With Mictok held hostage, they were left with no option but to put boots on deck and do it the hard way.

Out of the docking arm, the corridors through the station were wide and well lit, the bulkheads covered in the art the Mictok were admired for throughout the Confederation. Considering that a high percentage of Confederate species were mammals and the Mictok most decidedly were not, that either made art a universal language or art critics as a subspecies listened to their hindbrains and refused to piss the Mictok off. Torin glanced over at the thick ridges of color and decided it was likely six of one, half a dozen of the other.

Excluding the tanks and the docking arms, the station was round; eight main corridors headed diagonally from the rim into a central space. Their path took them in, across the center, and out. Fast and easy. Except that the central space had been filled with webbing. Going around meant backtracking and making their way through side corridors that hadn’t been designed for the convenience of bipedal visitors.

“Fuk me,” Werst muttered.

As they approached, Torin studied the thick white cables laid out in an obvious path through the middle of the web and knew if she stopped on the edge, she might not get going again. Knew that if she kept running, so would her team.

“You know, without boots,” Ressk began just behind her left hip.

“No.” Krai feet were almost as flexible as their hands, and Ressk wasn’t wrong; without their boots they could cross the webbing as quickly as a Mictok, but no one skimmed out of an HE suit.
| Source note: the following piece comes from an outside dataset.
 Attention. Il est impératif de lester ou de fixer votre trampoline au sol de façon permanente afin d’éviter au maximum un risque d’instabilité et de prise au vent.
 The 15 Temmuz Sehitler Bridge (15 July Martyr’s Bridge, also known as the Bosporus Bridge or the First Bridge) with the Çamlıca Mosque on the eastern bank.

If they’d had that kind of time, they could’ve gone around.

The web flexed as Torin landed on it, one boot on one cable, the other on an identical cable fifteen centimeters away. A continuation of the main corridor design for visiting bipeds, the cables had been connected by a thinner cable in a pattern woven too closely to slip through. Slipping off didn’t appear to have been considered. Mictok didn’t slip. The cables rose and fell under Torin’s boots, the undulations rhythmic enough she could keep her balance.

Until Ressk joined her. Just over a meter high, he was heavier than he looked, and his shorter stride on the cables set up a competing rhythm. When Binti joined them, the cable went up where a stride before it had gone down. Torin’s right leg sank knee-deep into the interior webbing before springing back up again with enough force her knee nearly smacked her in the chin. She’d have fallen had the gravity not been a third less than she was used to and had Ressk not grabbed the loop of strapping at her hip and thrown his weight against it.

The whole web rippled.

“Werst . . .” She swayed, but regained her balance. “. . . implant cadence. Double-time.”
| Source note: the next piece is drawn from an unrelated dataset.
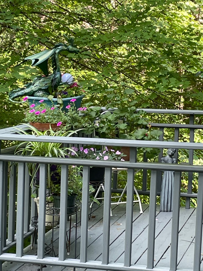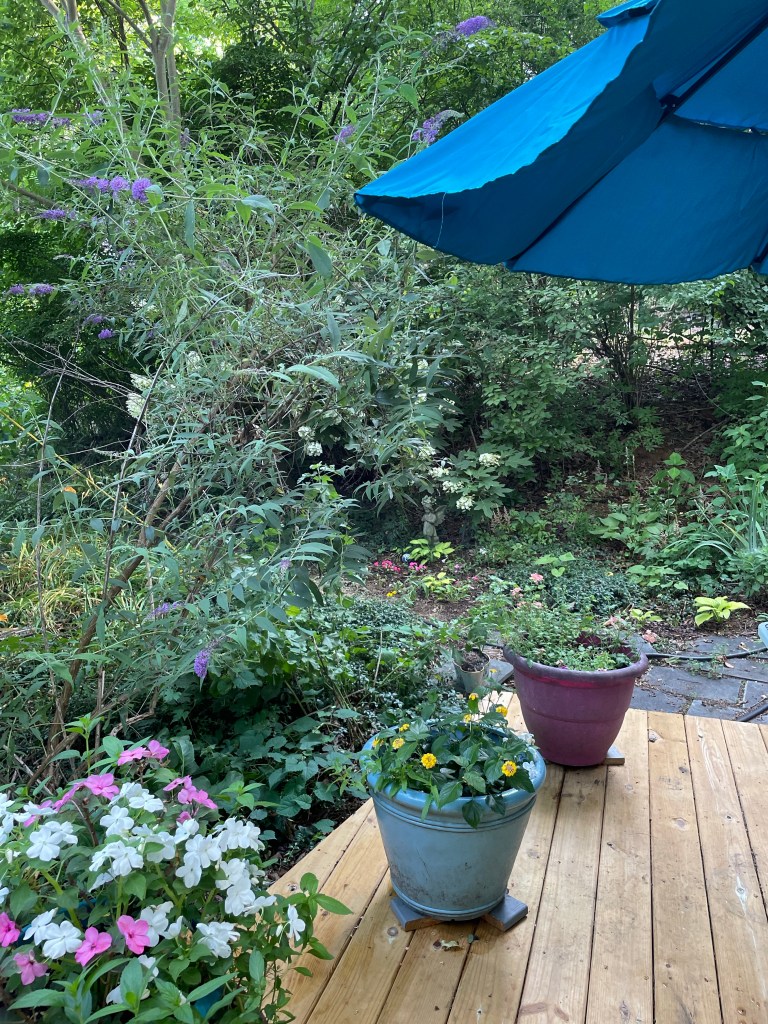 When we got back home my new teal umbrella for the deck was waiting for us! Bonus!

From the back of the march—historically, pre-implant, the position most likely to be heard, codified over the centuries by the militaries of all three Younger Races—Werst began a mouth-closed hum, laying down a rhythm they’d all been trained to follow. A rhythm that let their feet move without any interference from their brains.

It’s too narrow.

It’s wobbling.

It’s a web!

Which was not to say Torin’s brain, at least, didn’t try.

“That was fun,” Binti forced out through clenched teeth as she reached the other side. “I vote we strip to our skivvies and travel through the cold, merciless vacuum of space on the way back.”

“Be a lot easier without boots,” Ressk agreed.

“Missing my point,” Binti told him. “It’s a spider thing.”

“Human spider thing,” Werst grunted, jumping up onto the deck beside his bonded.

*I saw that vid. I didn’t get how they could have missed the obvious thing to do with eight arms.*

“Alamber . . .” A di’Taykan could turn anything to innuendo. And, if given the chance, usually did. That said, he had a point about the eight arms.

*Still a clear run to the tanks, Boss.*

“Let’s go, people.”

The control room for the mining operation took up about a third of the arc facing the gas giant and overlooked the two docking positions on either side of the stacked tanks. The pirates, plus the Mictok hostages, were currently in the control room. It being unlikely they’d surrender without a fight, Torin wanted the pirates in one of the docking arms, an area designed to deal with explosive decompression.